* PROBLEM REQUIREMENTS
Restate word for word the section of the entries that opens at the line containing "あなたの人生を表す1番重要な" and closes at the line containing "Middle hand mehndi", both lines kept, pictures dropped.

* RECORDS SHOWN
'''

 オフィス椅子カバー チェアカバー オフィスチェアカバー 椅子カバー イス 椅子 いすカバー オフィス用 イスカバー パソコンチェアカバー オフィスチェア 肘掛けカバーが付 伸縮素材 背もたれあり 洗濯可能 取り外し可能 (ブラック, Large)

'''
'''

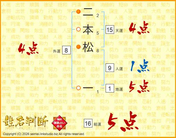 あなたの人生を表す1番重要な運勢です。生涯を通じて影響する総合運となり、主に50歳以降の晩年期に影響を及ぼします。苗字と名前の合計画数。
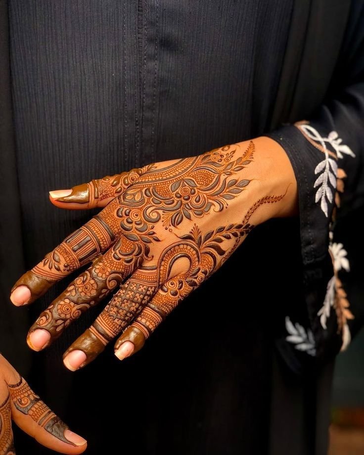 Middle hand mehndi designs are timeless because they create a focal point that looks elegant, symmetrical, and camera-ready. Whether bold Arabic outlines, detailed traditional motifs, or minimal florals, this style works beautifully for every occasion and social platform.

'''

* COMPLETED TASK
 あなたの人生を表す1番重要な運勢です。生涯を通じて影響する総合運となり、主に50歳以降の晩年期に影響を及ぼします。苗字と名前の合計画数。
 Middle hand mehndi designs are timeless because they create a focal point that looks elegant, symmetrical, and camera-ready. Whether bold Arabic outlines, detailed traditional motifs, or minimal florals, this style works beautifully for every occasion and social platform.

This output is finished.